> [Action item] Skip the pictures. Quote every line below, exactly, from the one with "настенная катушка |" through the final line.

> [Data segment]
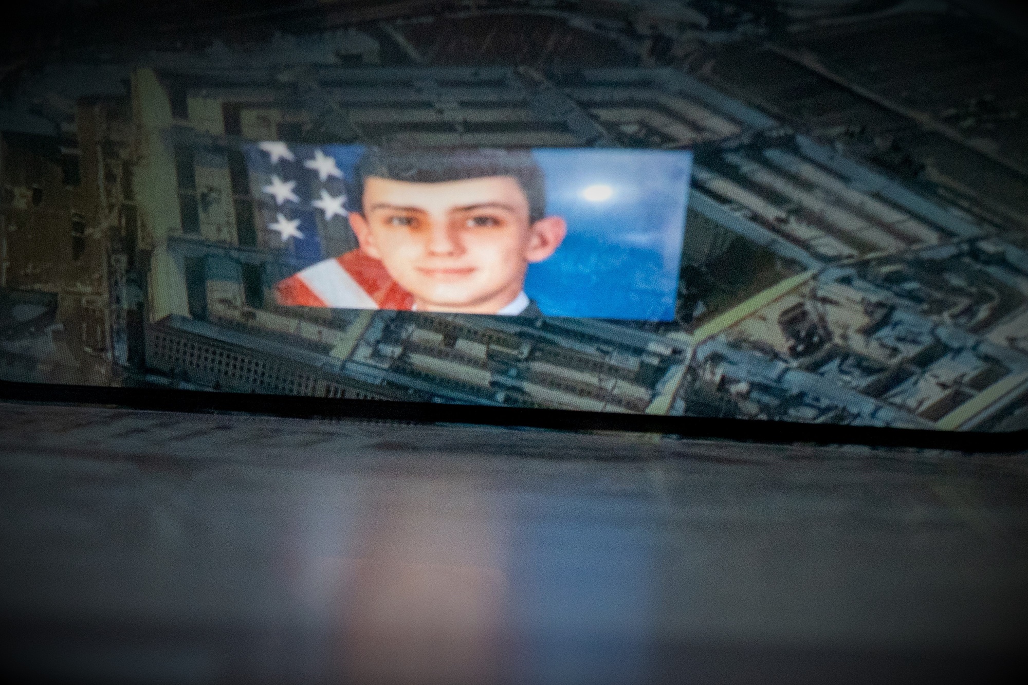 一张照片显示了嫌疑人杰克·特谢拉在华盛顿五角大楼的倒影。
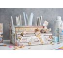 Questo portautensili mantiene in ordine il suo tavolo da scrittura o da lavoro. I 6 scomparti offrono spazio sufficiente per penne, pennelli, marcatori, righelli, forbici e molto altro. Disegni la scatola secondo le sue idee con vernice acrilica, colori Chalky, pittura a lavagna, seta di paglia o tecnica del tovagliolo. Lasci che la sua creatività si scateni e disegni il suo organizzatore personale.
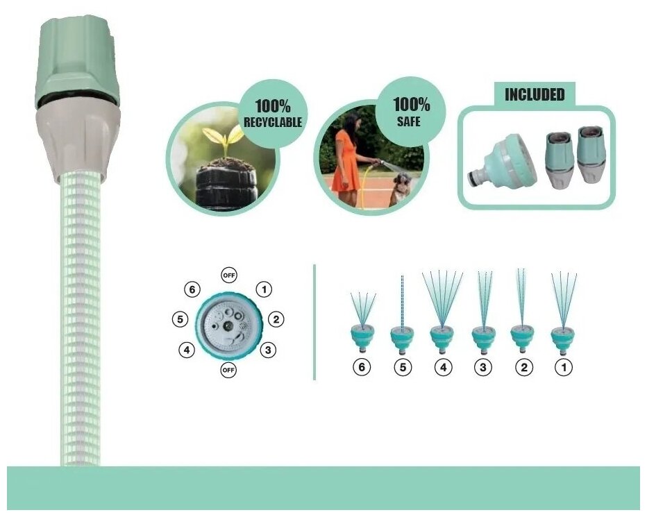 | Комплектация | шланг, два коннектора, насадка-распылитель с 6 функциями, настенная катушка |
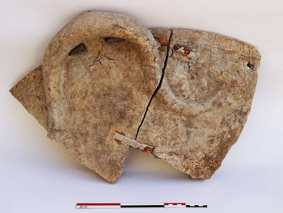 Μαζί με το θραύσμα που ανακαλύφθηκε το 2022, το εντυπωσιακό σκεύος μπορεί πλέον να αποκατασταθεί σχεδόν στο σύνολό του. Σημαντικό εύρημα της φετινής ανασκαφής είναι χάλκινο έλασμα που πιθανώς ήταν ανηρτημένο σε τοίχο του ναού. Η απεικονιστική διαγνωστική εξέταση του αντικειμένου φανέρωσε ότι η μία όψη της χάλκινης πλάκας διασώζει μεγάλη επιγραφή, η οποία αναμένεται ότι θα αποκαλυφθεί πλήρως κατά τη συντήρησή της στο εργαστήριο της Εφορείας Αρχαιοτήτων Ηλείας.

> [Answer space]
 | Комплектация | шланг, два коннектора, насадка-распылитель с 6 функциями, настенная катушка |
 Μαζί με το θραύσμα που ανακαλύφθηκε το 2022, το εντυπωσιακό σκεύος μπορεί πλέον να αποκατασταθεί σχεδόν στο σύνολό του. Σημαντικό εύρημα της φετινής ανασκαφής είναι χάλκινο έλασμα που πιθανώς ήταν ανηρτημένο σε τοίχο του ναού. Η απεικονιστική διαγνωστική εξέταση του αντικειμένου φανέρωσε ότι η μία όψη της χάλκινης πλάκας διασώζει μεγάλη επιγραφή, η οποία αναμένεται ότι θα αποκαλυφθεί πλήρως κατά τη συντήρησή της στο εργαστήριο της Εφορείας Αρχαιοτήτων Ηλείας.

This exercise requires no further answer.